Q: How do we measure it?
Ted began by coming back to Kelly’s notion, that there is a commitment involved–we will do this together. It levels the playing field b/w Js and public
Marla–involvement is the most useful for me. At the NCDD, she said, E centers on dialogue, and there are four categories:
-Explore a topic,
-Deal with conflict,
-Decision making (rather than the “decide and defend” model), and
Jill pulled the conversation back to the beginning, asking, “Do we share this assumption that we are already engaged by writing a story?” Which ended up with consensus that yes, we do share that assumption, but there are multiple entry points to engagement and it is a driver of ongoing relationships with communities.
So WHY engage?
Before diving into the why question, Kelly M. noted how important transparency is: E makes audience more valuable to advertisers. Sometimes it builds our relationships, and where I hope we get to is that that’s how we build community, so we have to be really transparent when we ask ppl to engage with us.
Marla reminded the group of the role civic J has always played in strengthening democracy, and political J has been disconnected from that…In her former role at Texcas pubcaster, they would connect citizen concerns, talk to them, hold forums, recorded them, put them on the air–hold accountable candidates to answer citizen questions–engagement bloomed as a democratic exercise…. Various experiments
Mike F. Why do ppl engage with J or school district–giving them the information isn’t the mission any more–participating with them is the mission.
Marla–ppl engage bc they want to tell their story, they want to figure things out; they want to share stories–they’ve lost trust in gov’t…
Margie T. Feminist, collaborative style of doing journalism–
Jill–Question of authority…Big J was rarified…it’s so much more reachable and tangible…Media literacy is so important in this…
David… let’s not lose sight of the ppl who get engaged bc they suddenly have an interest in govt…multiply that interest…
Dan–Is the desire to engage the same desire that drives our work as journalists?
Josh S: TRUST. bring communities in before during and after publication of story– that’s a way to build trust…
Kelly–trust gets built in a new way in this new ecosystem… relationships instead of authority…
Ted–is the flip side–we are more convinced of our own opinions…
Josh–trust in personal networks
So, then, Why engage?

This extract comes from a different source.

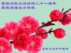 恭贺法轮大法洪传世界二十一周年! 我们感恩师尊的慈悲苦度,无法用语言表达,只愿在师尊的加持下努力精進,多救人,赶上正法進程。 湖南常德石门县全体大法弟子敬上! 湖南安仁全体大法弟子恭祝师父生日快乐!
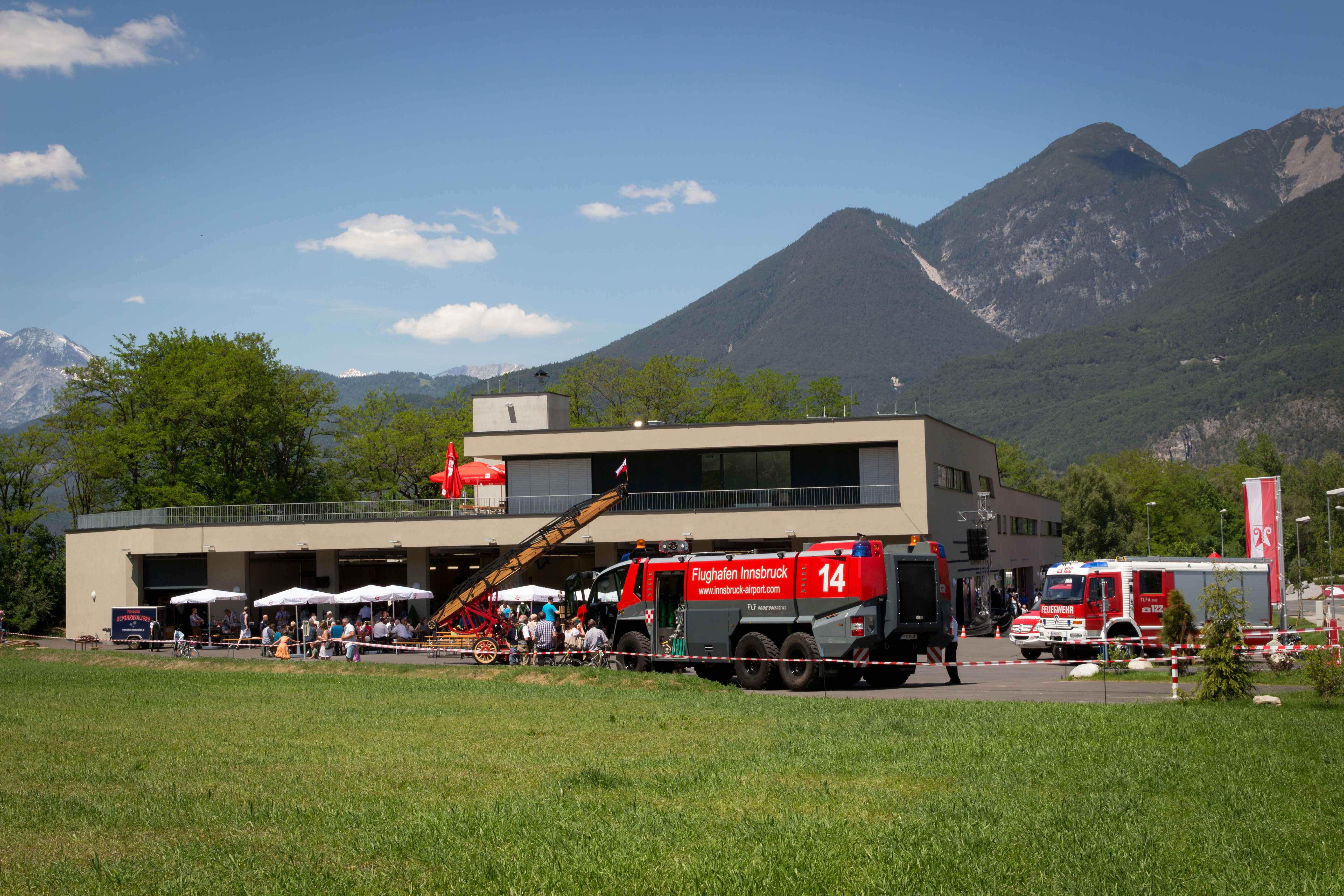 Am Nachmittag bot sich den Besuchern ein buntes Festprogramm, mit Schauübungen, Vorführungen der Polizeihundestaffel und Besichtigungen des Einsatzzentrums sowie der Fahrzeuge und Geräte. Eines der vielen Highlights war die Möglichkeit der Besichtigung eines Flughafenlöschfahrzeuges der Flughafenfeuerwehr Innsbruck. Der unterhaltsame Nachmittag wurde untermalen von den Live-Musik Gruppen „Die Alpenkavaliere“ und den „Bacon Pilots“.

To build community and build trust in the community.
Christoff helped us turn our attention to the What is engagement? question, and its cousin, How are we engaging people?
Peggy noted that at Lawrence Journal World, under Jane Ellen Stevens, they created a site that wasthe go-to place for health information in Lawrence–started with the community. Half the content would come from Journalists, and half would come from the community. WellCommons.com. Rather than built around topics, they built around group. Businesses pay to participate, individuals get free access. Changed the way reporters approached their work bc the stories they pursue are informed by sharing space. (this could be a great model for ideastream)
Ted asked, is this a New form of beat reporting?
One of the Mike’s noted it’s definitely a new relationship with authority…
Josh wondered about these models and whose responsibility is it to engage? When is it our responsibility to go out and engage the ppl who aren’t engaged?
Laura–it’s not hard to imagine ways that aren’t similar to recent forms…But What’s the continuing engagement?
Ted–engagement in shaping and creating– and engagement that moves beyond…
Laura–there might even be three–what does it become?
Marla–community of churches paired up–exchanged congregants–talked about race–kept the conversation going…
Dan– Editorial boards becoming engagement boards….
Christoff–but what do we mean by “the community?”
Kelly–communities, not Community.
Peggy– it needn’t be neat and tidy…what if the meeting just happened the first monday of every month, and if you want to be a part of it, you show up…story from Tacoma washington, Af-Am community…
Margie–its our responsibility to be intentional about recruiting diversity
Kelly–you’re never there. Every community is fluid.
Josh–2 resources–CW anderson talks about publics, Rebuilding the News… a piece on Nieman Lab. Missed opportunities
David G. Resources for reaching out–Nonprofits have a great eagerness to help w outreach.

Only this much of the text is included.